IN THE HIGH COURT OF FIJI
WESTERN DIVISION AT LAUTOKA

CIVIL JURISDICTION

HBC NO. 44 OF 2016


KENTO (FIJI) LIMITED

[PLAINTIFF/APPLICANT]


V


NAOBEKA INVESTMENT LIMITED

[1ST DEFENDANT/RESPONDENT]


AND


SOUTH SEA CRUISES LIMITED

[2ND DEFENDANT/RESPONDENT]


Counsel : Mr. S. Inoke for the Plaintiff/Applicant.

: Mr. I. Tikoca for the 1st Defendant/Respondent.

: Ms. Tabuadua for the 2nd Defendant/Respondent.

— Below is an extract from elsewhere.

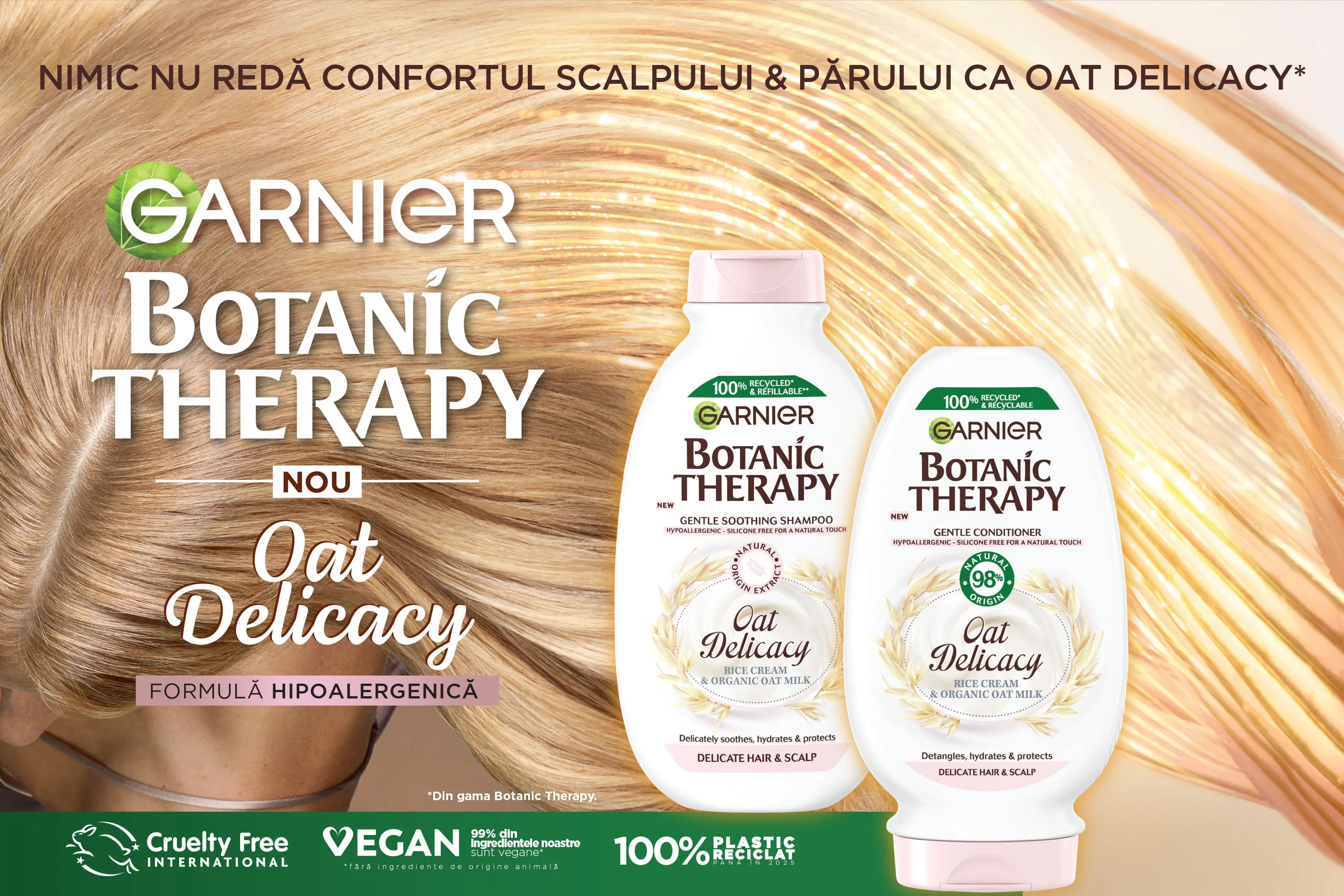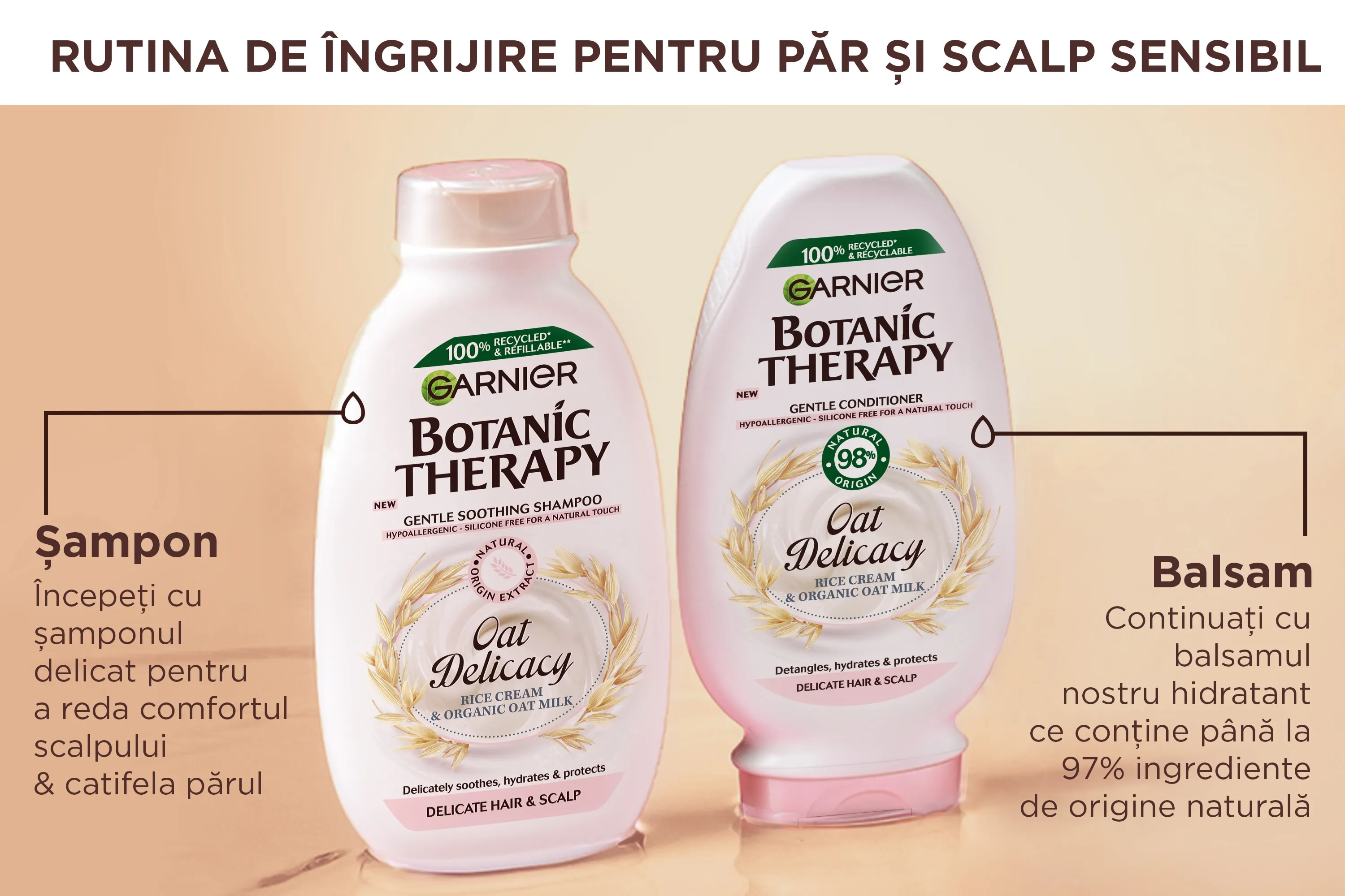 Sampon Garnier Botanic Therapy Rice Cream & Organic Oat Milk pentru par si scalp sensibil, 250 ml Samponul Botanic Therapy Rice Cream & Organic Oat Milk pentru par si scalp sensibil contine o formula imbogatita cu ingrediente naturale: complex de orez si lapte de ovaz organic.

Written Submissions by : Applicant on 20th December, 2017

2nd Respondent on 2nd December, 2017

Date of Hearing : 9th November, 2017

Date of Ruling : 9th March, 2018

Ruling by : Justice Mr. Mohamed Mackie

_____________________________________________________________________________

R U L I N G
[On Indemnity Cost]

_____________________________________________________________________________


  1. Introduction:
    1. This ruling pertains to an application for Indemnity Cost made, on behalf of the1st and 2nd Defendant - Respondent on 9th November2017, when the application for the Extension of Time for Leave to Appeal, Leave to Appeal and Stay, that had been made by the Plaintiff- Applicant (applicant) on 15th December 2016, was withdrawn before me.
    2. Instead, the learned Counsel for the applicant (applicant’s counsel) opted to proceed with the hearing into a similar application of the applicant that had been made in the action bearing No: - HBC -27/2016 that involves the parties in this action and two other defendants.
    3. The ruling in the said action No: HBC-27 -2016 was pronounced by me on 23rd February 2018 granting the applicant’s application for the extension of time to file leave to appeal and leave to appeal against the learned Master’s ruling dated 18th November 2016, and no cost was ordered in favour of the 2nd respondent, hereof, who happened to be the 2nd respondent in that application too, albeit cost was moved for on its behalf, for the reasons stated in that ruling.
  2. Brief History: (Action No:- HBC-44 of 2016)
    1. The applicant filed the writ of summons together with the statement of claim against the 1st and the 2nd defendant – respondents (respondents) on 15th March 2016.
    2. The 2nd respondent filed the statement of defense on 27th April 2016.
    1. The 2nd respondent filed the striking out application on 4th May 2016.
    1. This action was struck out by the leaned Master (Master) on 18th November 2016 and by the impugned ruling summarily assessed cost of $500.00 to both the respondents was ordered.
    2. The applicant filed the application for the leave for extension of time for leave to appeal and leave to appeal on 15th December 2016.
    3. The 2nd respondent filed its reply affidavit on 23rd February 2017.
    4. The matter came up for hearing before me on 9th November 2017, as stated above, being subjected to few mention dates necessitated due to change of judges.
  1. The Law and the Principles that Govern the Indemnity Cost:
    1. Order 62, Rule 37 of the High Court Rules empowers courts to award indemnity costs at its discretion. For the sake of completeness, Order 62, Rule 37 is reproduced below.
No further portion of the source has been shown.